班主任李梅踩着细高跟,“哒哒”地走上了讲台。她三十多岁,保养得宜,脸上化着精致的妆,眼神扫过台下,带着一种惯常的、审视货物的锐利。看到我爸时,那目光停顿了一瞬,一丝几不可见的鄙夷掠过她眼底。
家长会按流程进行,表扬优等生,点评进步生,一切都显得那么按部就班。直到李梅谈到“家庭教育投入与子女成才的关系”时,话锋开始不对劲了。
“有些家长啊,以为把孩子送进学校就万事大吉了。自己不肯在教育上投资,不肯提升自己,给孩子做个榜样,反而一天到晚抱怨社会不公。”她说着,眼神似有若无地飘向我们这边,“尤其是那些从事体力劳动的家长,更要意识到知识的重要性,别自己一辈子卖力气,还让孩子走老路。”
台下有几声附和的低笑。我爸脸上的笑容有点挂不住了,他放在膝盖上的手下意识地蜷缩了一下,那些粗大的骨节和厚厚的老茧,在明亮的灯光下无所遁形。
我的脸烧得厉害,指甲深深掐进掌心。
李梅似乎觉得火力还不够,她直接点了名:“刘欣然的家长,我看你一直没怎么发言。作为刘欣然的班主任,我很关心她的成长。听说你是做建筑行业的?”她故意用了个比较“文雅”的词。
我爸愣了一下,赶紧站起来,有些慌乱地点头:“是,是,李老师,我……我就是个农民工,在工地上干活。”
“农民工”三个字一出,教室里响起一阵更明显的窃笑。我爸站在那儿,像一棵被突然推到聚光灯下的老树,浑身上下都写着不自在。
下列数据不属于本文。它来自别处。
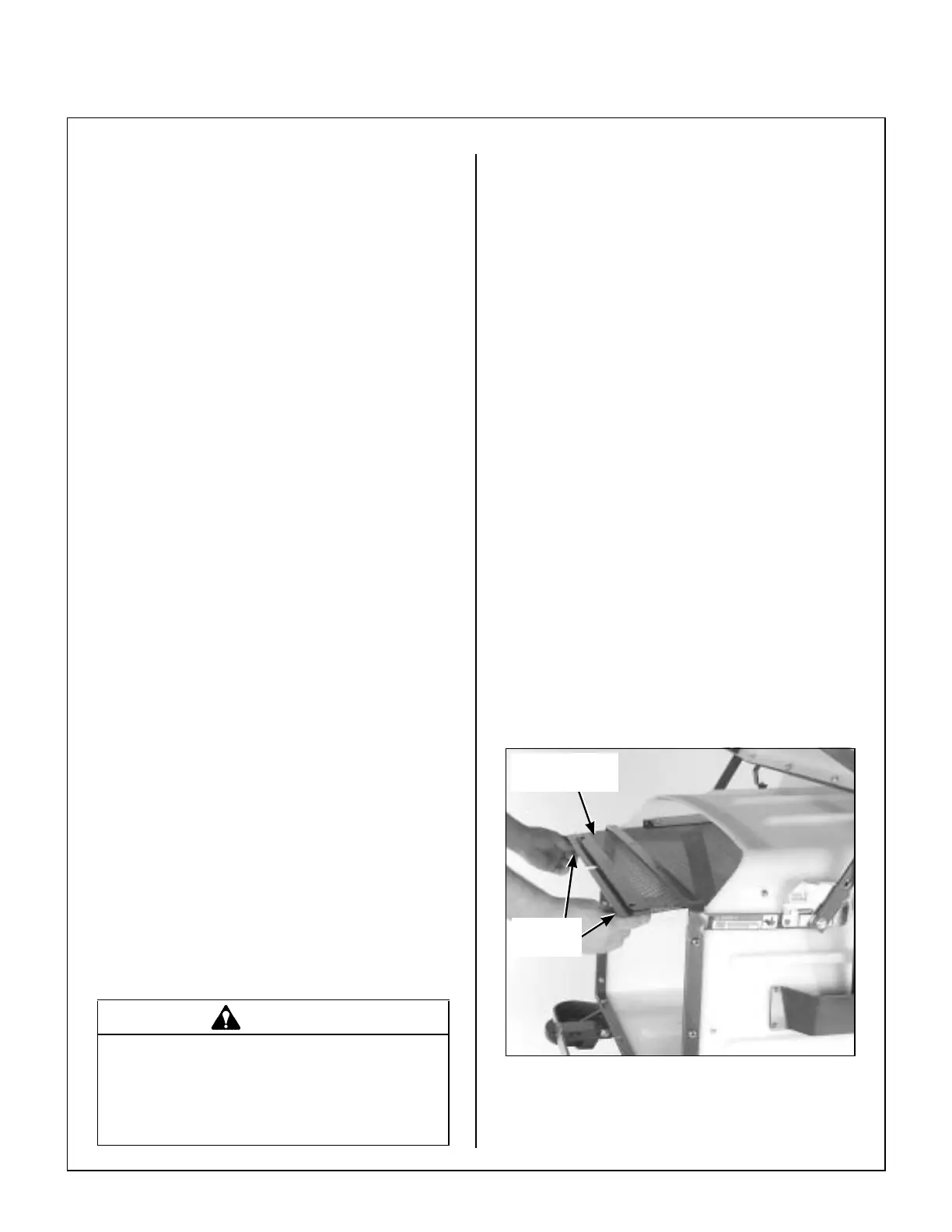 on the grass catcher screen knobs (on either side of
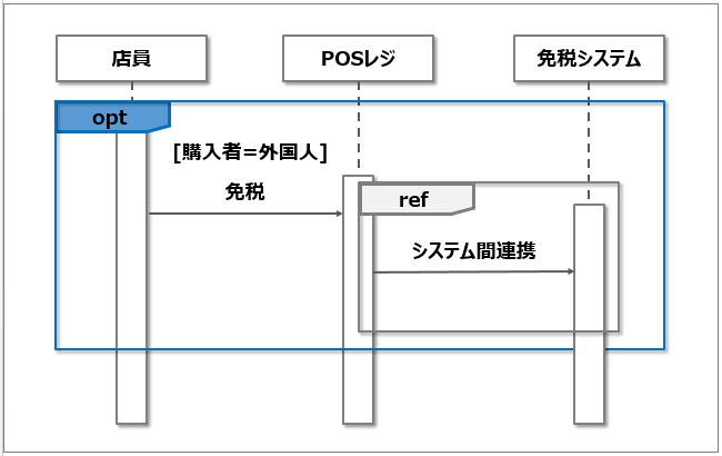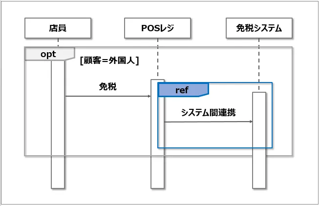아래의 그램은 면세점의 면세대상을 표시한 예이다. POS레지와 면세 시스템의 연동 처리는 복잡하므로 다른 시퀀스 다이어 그램에서 상세히 표시하고 있다는 것을 알려주고 있다.

李梅嘴角勾起一抹近乎残忍的弧度:“哦,农民工。那你平时工作很辛苦吧?看你这手……”她竟然朝着我爸走了过来,在全班家长的目光注视下,伸出涂着鲜红指甲油的手指,几乎要戳到我爸那双布满裂纹和厚茧的手上。
“啧啧,这手,是搬砖头磨的吧?”她的声音拔高,带着毫不掩饰的嘲讽,“我说句不好听的,这样的手,能给孩子翻几页书?能教孩子解几道题?农民工嘛,搞好体力活就行了,也配坐在这里大谈教育投资和子女成才?”
轰的一声,我的脑子像要炸开。全班家长的哄笑声这一次再也没有掩饰,像潮水一样涌来,几乎要掀翻屋顶。我看到平时那些对我爱答不理的同学家长,此刻都笑得前仰后合,对着我爸指指点点。
我爸那张饱经风霜的脸,瞬间由红变紫,由紫变白。他伸出去想要跟老师握手的动作僵在半空,那双手,那双撑起我们这个家、为我赚取学费的手,此刻因为无处安放而微微颤抖。他张了张嘴,想说什么,却最终一个字也没能说出来,只是慢慢地、极其缓慢地,想把那双手藏到身后去。
那一刻,我所有的羞愤都化成了尖锐的刺痛。我恨李梅的刻薄,恨那些家长的势利,更恨自己的懦弱——我竟然没有勇气站起来,大声告诉他们,我爸靠这双手养活了我,他比在场的任何人都伟大!
我死死地低着头,眼泪在眼眶里打转,不敢让它掉下来。
就在这时——
“砰!”
教室门被猛地推开了,撞在墙上发出巨响。
所有人都被这突如其来的动静惊得一愣,笑声戛然而止。
只见校长王建国气喘吁吁地冲了进来,额头全是汗,西装领带都歪了。他完全无视了讲台上正准备继续发挥的李梅,目光像探照灯一样在教室里急扫,最后牢牢锁定在我爸身上。
下一秒,在所有人惊愕的注视下,王校长一个疾步冲到我爸面前,不由分说,双手紧紧握住了我爸那双刚刚被李梅嘲讽为“只配搬砖”的手!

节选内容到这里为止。